[[ EXERCISE INPUT open ]]

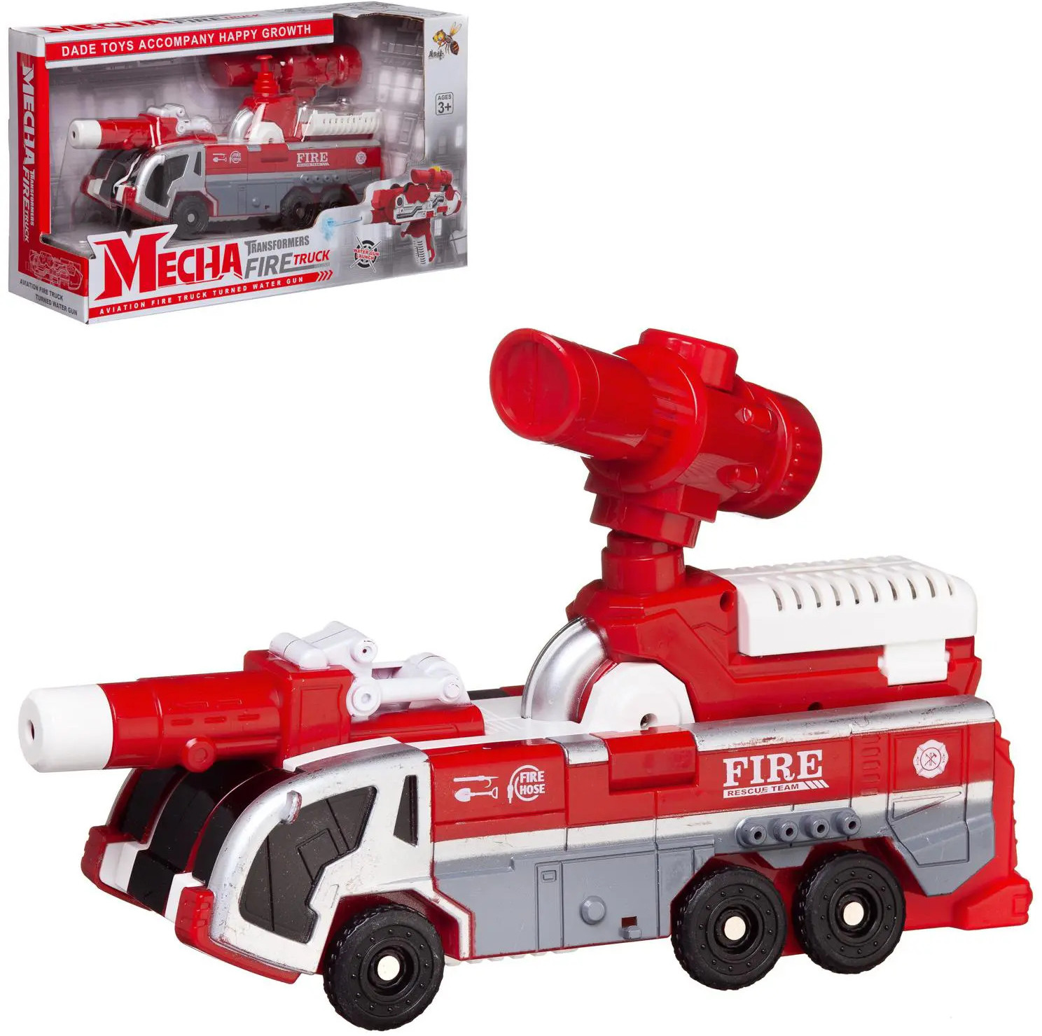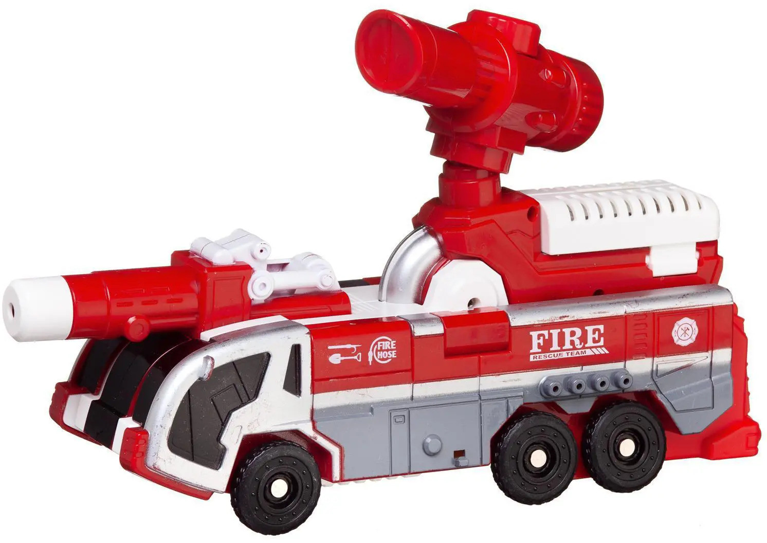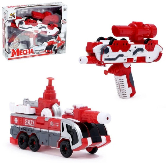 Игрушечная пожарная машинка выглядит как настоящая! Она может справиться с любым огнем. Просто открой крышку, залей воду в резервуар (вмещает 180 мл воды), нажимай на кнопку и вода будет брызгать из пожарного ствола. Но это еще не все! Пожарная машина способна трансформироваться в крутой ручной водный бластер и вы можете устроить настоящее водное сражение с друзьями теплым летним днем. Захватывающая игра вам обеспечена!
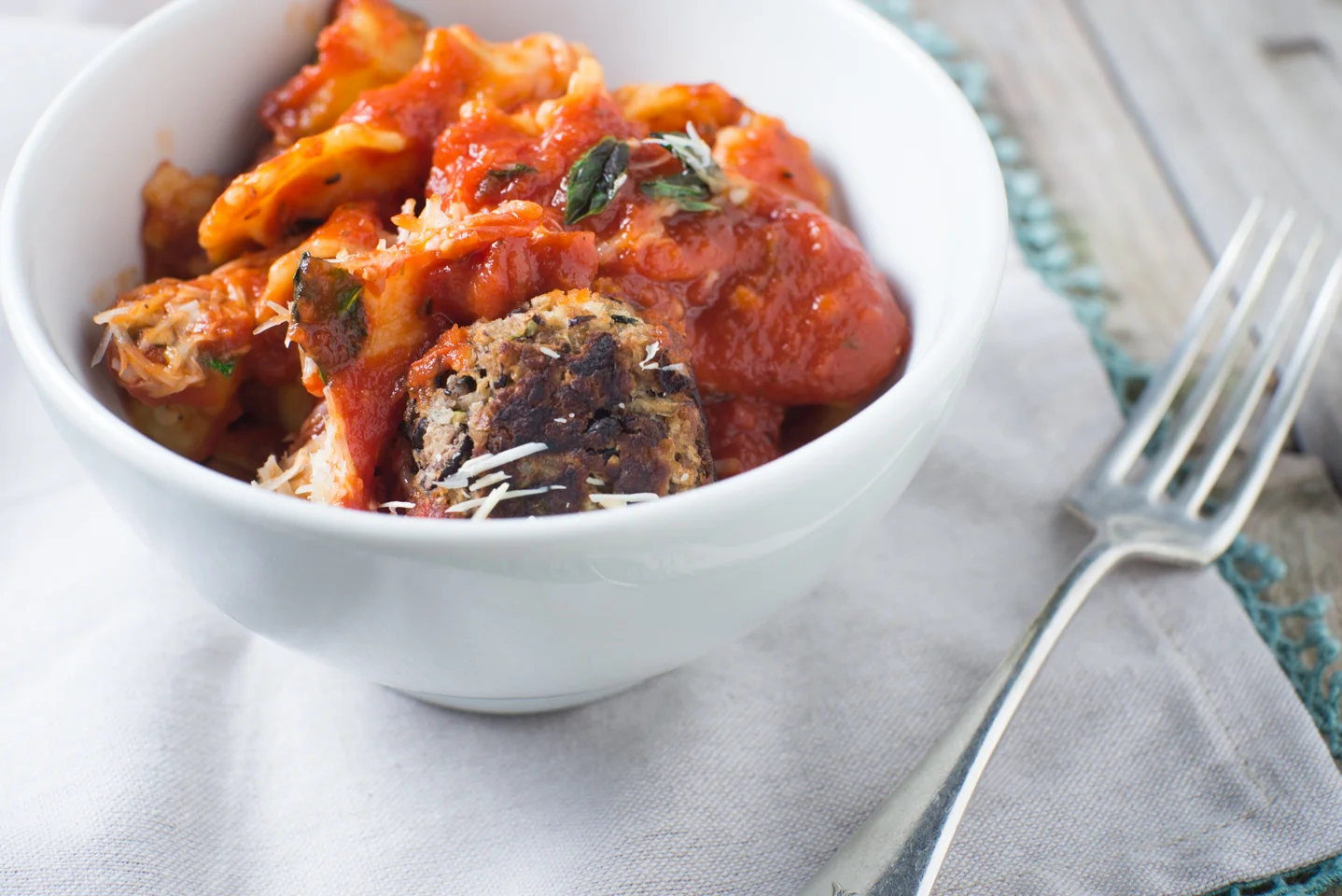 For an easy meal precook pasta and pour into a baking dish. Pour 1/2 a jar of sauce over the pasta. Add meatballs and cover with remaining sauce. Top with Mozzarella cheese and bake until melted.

[[ EXERCISE INPUT closed ]]
[[ EXERCISE INPUT open ]]

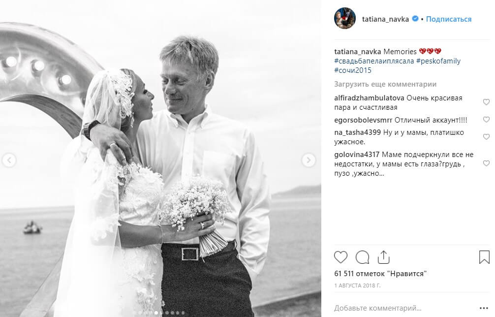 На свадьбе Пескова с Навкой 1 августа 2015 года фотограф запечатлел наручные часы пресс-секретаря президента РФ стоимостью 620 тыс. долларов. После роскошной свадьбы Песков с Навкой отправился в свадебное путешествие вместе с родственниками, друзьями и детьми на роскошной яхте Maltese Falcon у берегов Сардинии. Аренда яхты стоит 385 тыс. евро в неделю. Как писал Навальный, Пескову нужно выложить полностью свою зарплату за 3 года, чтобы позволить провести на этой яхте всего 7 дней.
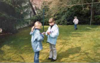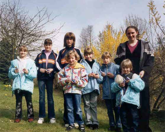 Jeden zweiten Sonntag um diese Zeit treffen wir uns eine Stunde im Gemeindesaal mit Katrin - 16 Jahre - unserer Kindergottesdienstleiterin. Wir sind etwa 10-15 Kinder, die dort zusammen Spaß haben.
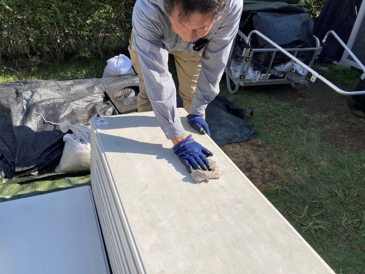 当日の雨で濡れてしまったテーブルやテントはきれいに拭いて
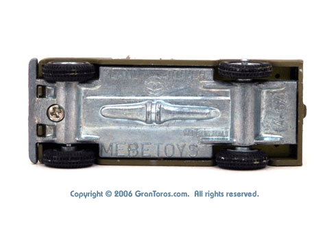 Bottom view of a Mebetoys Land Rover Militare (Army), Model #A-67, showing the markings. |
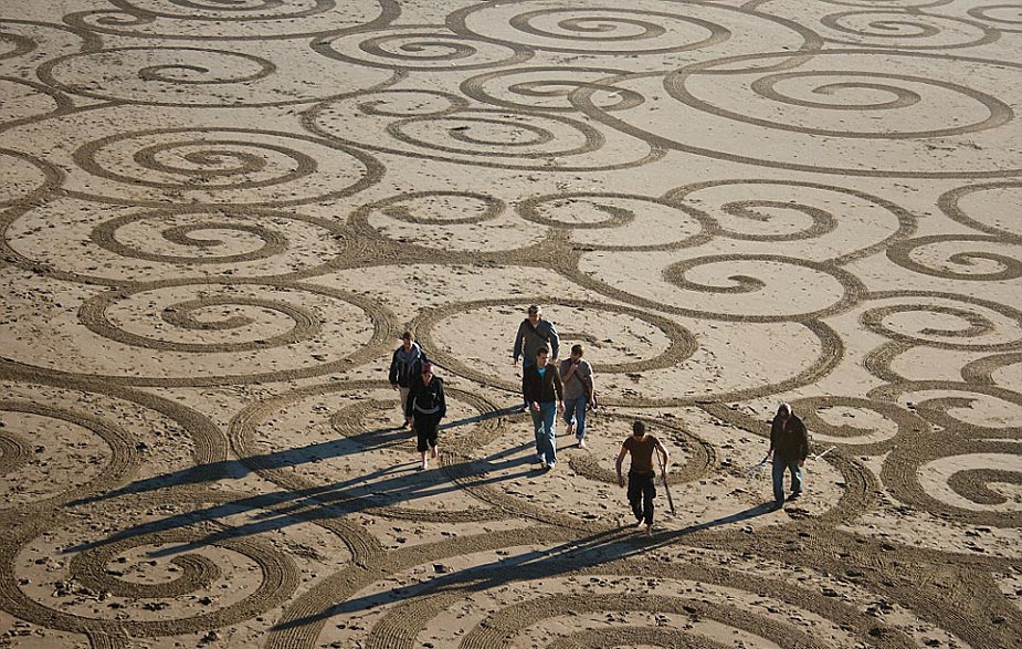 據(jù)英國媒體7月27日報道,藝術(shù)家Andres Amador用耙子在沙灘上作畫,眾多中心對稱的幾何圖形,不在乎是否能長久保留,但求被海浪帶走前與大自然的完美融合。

[[ EXERCISE INPUT closed ]]
[[ EXERCISE INPUT open ]]

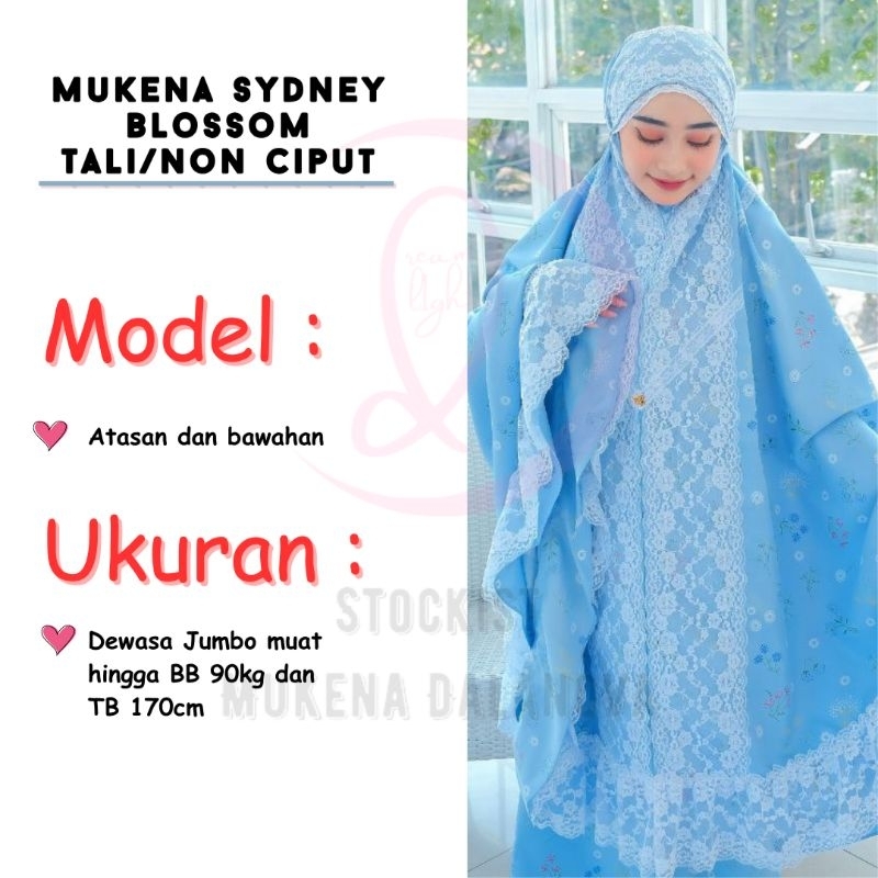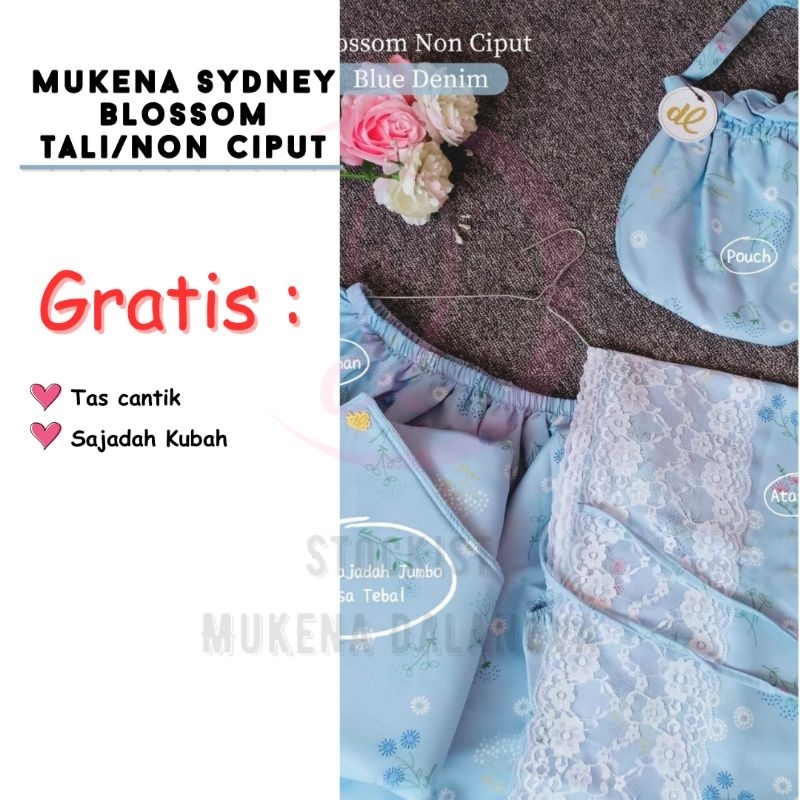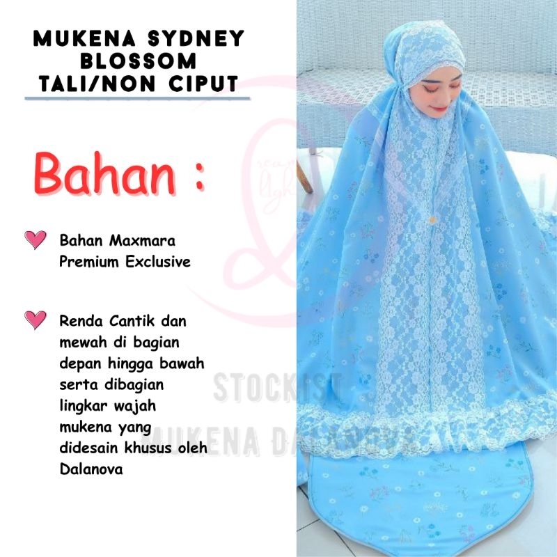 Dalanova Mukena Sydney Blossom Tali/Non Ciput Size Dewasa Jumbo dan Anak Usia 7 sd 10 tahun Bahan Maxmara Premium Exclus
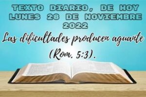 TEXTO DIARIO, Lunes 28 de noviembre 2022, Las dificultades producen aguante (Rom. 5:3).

[[ EXERCISE INPUT closed ]]

> [EXERCISE DESCRIPTION]: What is needed is an exact copy of the lines above, from the one holding "Bottom view of" down to the one holding "據(jù)英國媒體7月27日", with those two included and the pictures left out.

> [TASK OUTPUT]:
 Bottom view of a Mebetoys Land Rover Militare (Army), Model #A-67, showing the markings. |
 據(jù)英國媒體7月27日報道,藝術(shù)家Andres Amador用耙子在沙灘上作畫,眾多中心對稱的幾何圖形,不在乎是否能長久保留,但求被海浪帶走前與大自然的完美融合。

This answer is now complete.